Software escrows don’t fit the cloud model

Salesforce.com is unlikely to go out of business anytime soon, but as a general rule this is not a reason to be complacent. There is no other SaaS platform that requires a tighter vendor lock-in than Salesforce.com with their proprietary programming language and SQL dialect.

Writing for CloudPro Frank Jennings points out:

Cloud is different and escrow is not the cure-all that many think. If a customer has opted for a public cloud SaaS offering, that software will likely be a standardized version offered to all customers. The supplier won’t want to enter into escrow arrangements with all its customers who are paying rock-bottom prices. Even if it’s a bespoke software solution, by the very nature of cloud, there is likely to be very little installed on the client’s equipment. Perhaps it will be accessible by via a web browser. Therefore, the customer won’t even have the object code but will have access to software run on the supplier’s infrastructure.

The recommended approach is prevention: customers should consider their Plan B options in the event of SaaS vendor failure. One of the options involves considering competitors and a possibility that a migration might be necessary.

For the migration option to be viable, the customer should have a plan to backup all of their data outside of the SaaS vendor. SaaS vendor should offer batch export API and tools that the customer can use on a routine basis to export all of the data into a 3rd backup system. Salesforce does offer such API and customers should use it.

Another area to be on the lookout for is proprietary languages, tools and protocols that a SaaS vendor may impose. Salesforce’s Apex is a proprietary Java-like language that cannot run on any platform other than Salesforce. Too much investment in Apex code will most certainly prevent a customer from using an alternative SaaS.

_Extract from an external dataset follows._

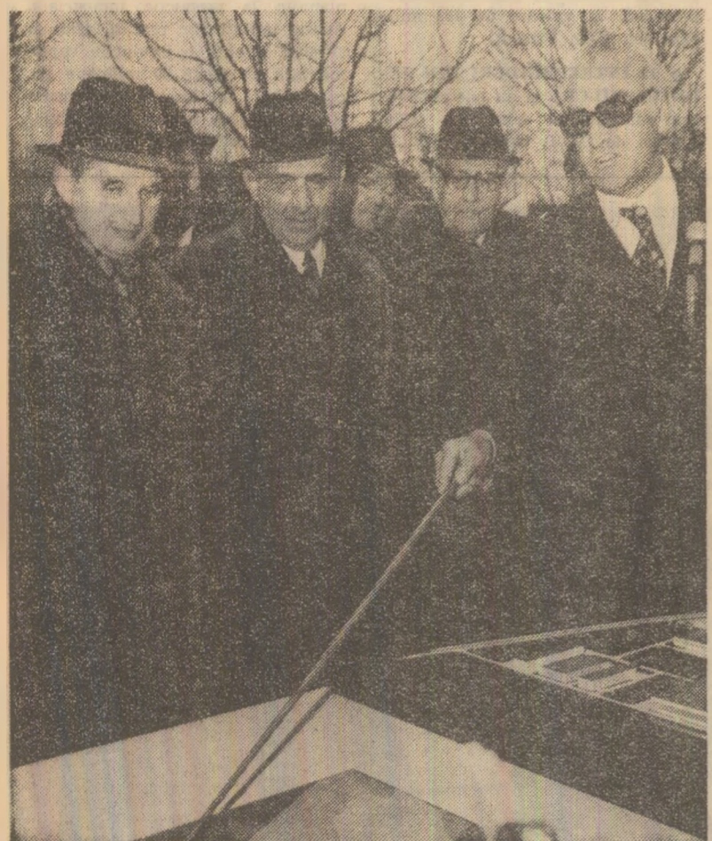
În fața machetei viitoarei întreprinderi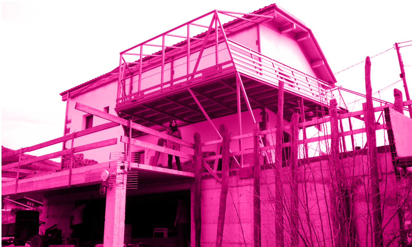
“Anderjaus”: Etxe-eraberritzea Ezkion (Gipuzkoa)

When a cloud vendor experiences problems, everyone talks about it. It is easy to overlook the problems with traditional on-premise software. For instance, not a week goes by when I don’t hear of at least one on-premise customer having an SAP HANA crash, or a SAP ERP outage for several hours at a time.

Problems with SaaS can, do and will happen again. The key is making sure that the vendor offers tools and capabilities to help customers mitigate the impact of outages.